At 11:55 a.m. Wednesday, the White House tweeted the news about the joint session. “And then Rush Limbaugh beat Boehner up,” the source said.
The conservative talk show personality was in his familiar state of high dudgeon. “This is a pure campaign speech and to give it the imprimatur of a speech before a joint session of Congress, there’s no way, he doesn’t deserve that,” Limbaugh said. “Boehner’s got to say no. Now, whether he will, I have no clue.”
A number of Republicans in the House and a few in the Senate did have a clue and they told Boehner that while they would allow the joint session – it was hard not to for both historic and political reasons – the timing had to be on their terms, which meant it could not conflict with the Republican debate.
At which point Boehner’s office announced that Boehner had never agreed to the Wednesday date, that Congress did not get back into session until 6:30 p.m. on that day, that various votes had to be taken, that security had to be arranged and Obama should push his speech back a day to Thursday.
Which just happened to be the evening the Green Bay Packers were meeting the New Orleans Saints in the NFL season opener. Which meant Obama would have to move his speech up an hour or so before the kick-off at 8:30 p.m.
The White House was not pleased. In reality, it believed, Congress really had never gone out of session, a parliamentary move that blocked Obama from making recess appointments. “And they had to arrange security?” the White House source scoffed. “As if they couldn’t do that! This was a political thing, a tea party thing, a Rush Limbaugh thing. They were all giving Boehner gas.”
The White House did not want to give in and look weak, but what was the alternative?

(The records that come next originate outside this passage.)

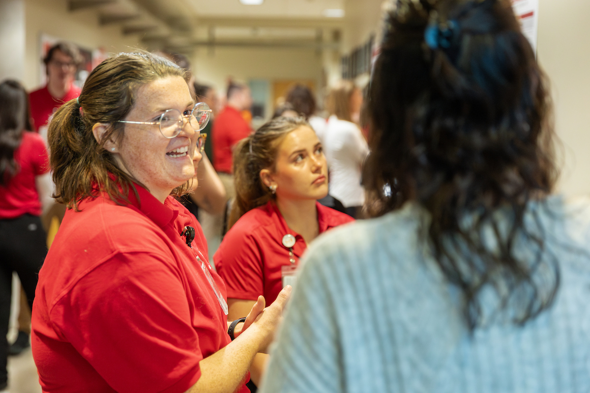 Youngs took his time meeting students, looking at their presentation posters and hearing about their research areas, such as assessing the impact of music and dance on dementia patients.
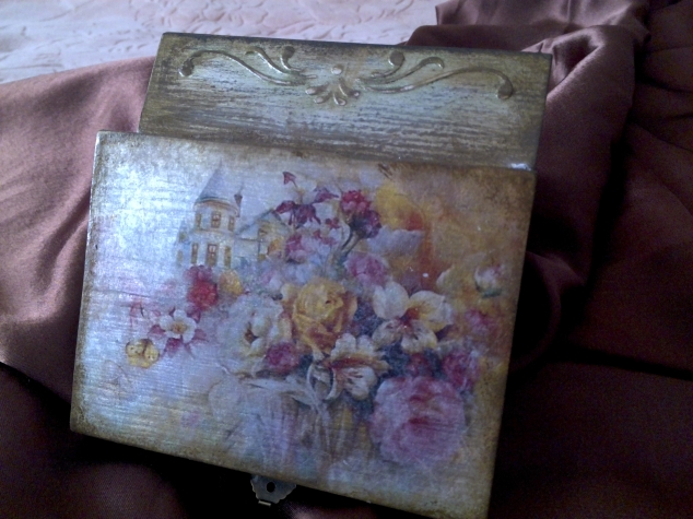 Короб-шкатулочку сделала недавно - подарок подруге на день рождения... Подруга любит зелёный цвет. Поэтому такая вот салфеточка...а так как это короб,то первый раз попробовала набрызг для состаривания... далее - оборотная сторона наружного короба внутренний ящик со съёмной подложкой.. и оборотная сторона выдвижного ящичка - первый раз попробовала лессировку... Критика и советы приветствуетс...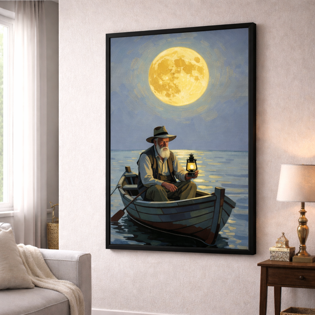 Moonlit Fisherman Framed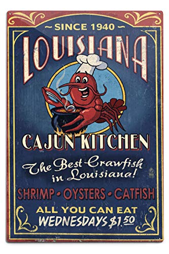 - Louisiana - Cajun Kitchen Crawfish Vintage Sign 44617 (6x9 Aluminum Wall Sign, Wall Decor Ready to Hang)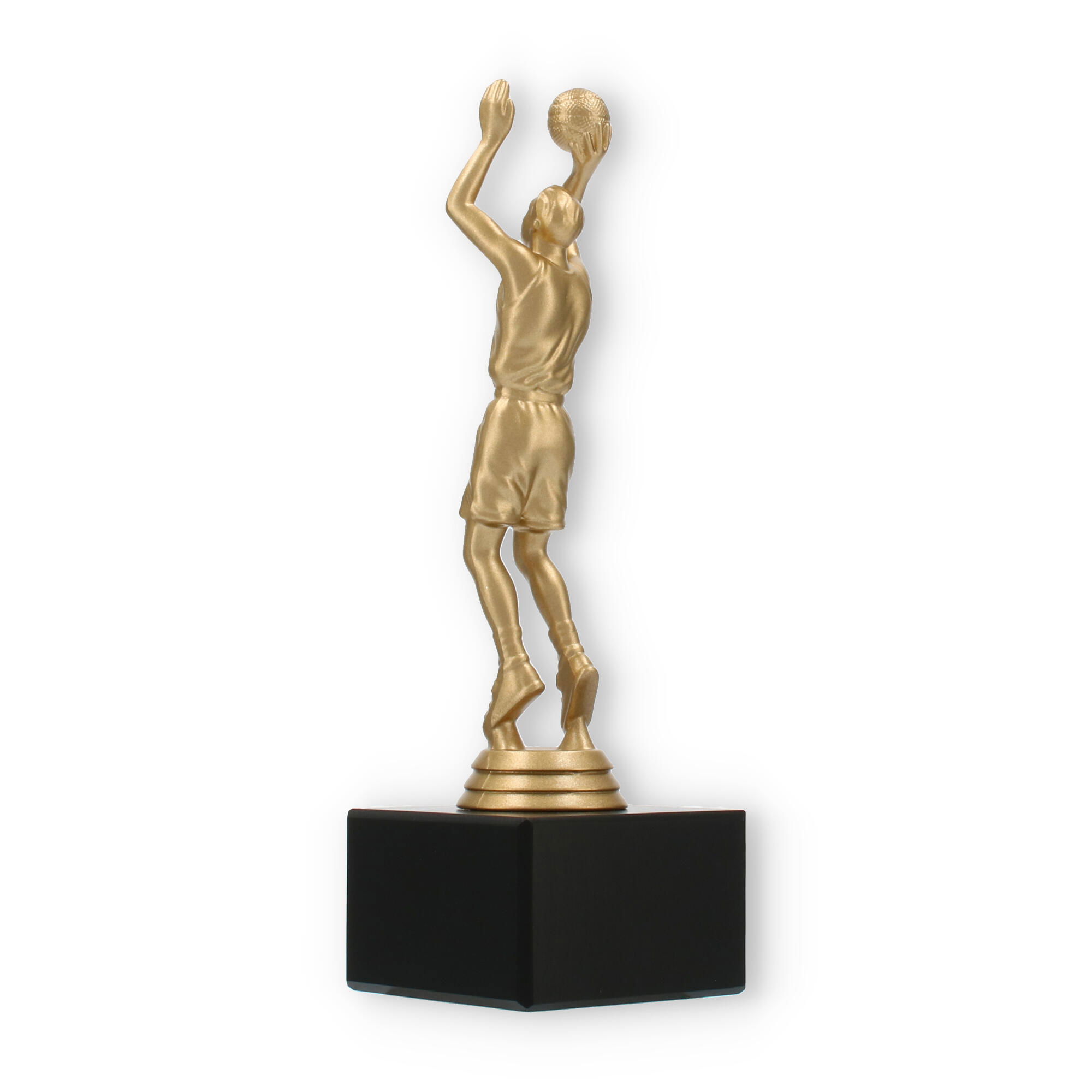 Diseñado con una base de mármol negro, este trofeo no solo ofrece estabilidad, sino que también añade un toque de sofisticación. La combinación del material plástico de la figura y la robustez del mármol asegura que el galardón sea tanto estéticamente impresionante como duradero. El contraste entre la figura dorada y el mármol negro hace resaltar la elegancia del trofeo, haciéndolo apto para cualquier evento especial.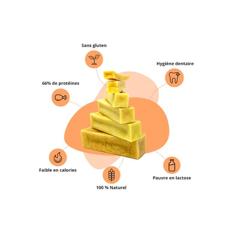 - Fabriqué selon une recette centenaire issue des hauteurs de l’Himalaya « le fromage de yak »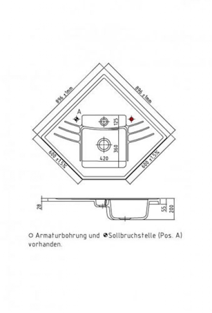• Der Auslieferungszustand der Spüle beinhaltet eine Lochbohrung für die Armatur. Die zusätzliche(n) Lochbohrung(en) sind vorgestanzt (serienmäßige Vorbohrung); die Oberseite der Spüle ist verschlossen und muß vor Ort an den gekennzeichneten Stellen durchstoßen werden. Soll dies werksseitig vom Hersteller vorgenommen werden, wird dafür 13,-- Euro pro Spüle berechnet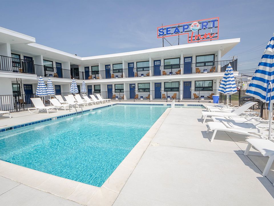 Just in time for summer, own your piece of North Wildwood at Seaport Inn Condominiums! This top floor condo features two bedrooms each with their own en-suite full bathroom, modern white kitchen, quartz counters, stunning marble backsplash, stainless steel appliances and a spacious open concept living area. Condo is complete with washer/dryer in unit, shared pool PLUS assigned 2 car parking! Newly renovated inside and out, including updated plumbing, electric, pex water lines, spray foam insulation plus newer roof. There are only 9 units in this boutique year round building! Incredibly located on the corner of 5th & Ocean Avenue, 1 block to the beach, steps to the seawall and entertainment district. Condo fees include ALL utilities, cable and internet.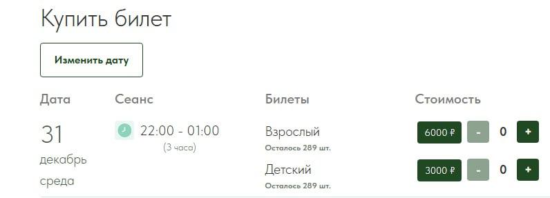 На новогоднюю ночь действует отдельный тариф: детский билет стоит 3000 рублей, взрослый — 6000 рублей.

An Oval office speech instead?
“You can’t speak for 40 minutes from the Oval Office,” the source said.
How about the East Room?
“He’s going to speak to an empty East Room with just the Teleprompters and staff there? No,” said the source
So it had to be in the House of Representatives, which the Republicans control. “But we couldn’t go if they didn’t let us come,” the source said. “You can’t hold the speech in the lobby or in the parking lot. And you’re not going to get network coverage if you hold it at George Mason University.
“After a month of world chaos, the setting had to match the topic. And you don’t get any better setting than a joint session of Congress.”

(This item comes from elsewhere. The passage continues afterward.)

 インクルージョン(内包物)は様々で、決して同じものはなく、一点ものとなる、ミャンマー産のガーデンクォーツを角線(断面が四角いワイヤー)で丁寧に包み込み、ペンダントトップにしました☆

In the end, the White House felt it had no choice but to give in on the date, and Obama sent an email to his supporters with the subject line: “Frustrated.”
“It’s been a long time since Congress was focused on what the American people need them to be focused on,” Obama said in the email. “I know that you’re frustrated by that. I am, too.”
Obama said he was going to put forward “a set of bipartisan proposals to help grow the economy and create jobs” and he was “asking lawmakers to look past short-term politics and take action on that plan.”
It was, perhaps, not the friendliest message, but the White House was not in a friendly mood. Some Democrats were attacking Obama for once again “caving in” to Republicans, though others thought that it was an inconsequential matter.
The White House is viewing it as very consequential, however. “It is a big deal,” the source said. “It shows the House Republicans will do no outreach, nothing.”
And who does the White House believe was really behind treating the president so shabbily?
“At first, I didn’t think it was Boehner, but his caucus,” the source said. “But maybe not. Maybe it is him.”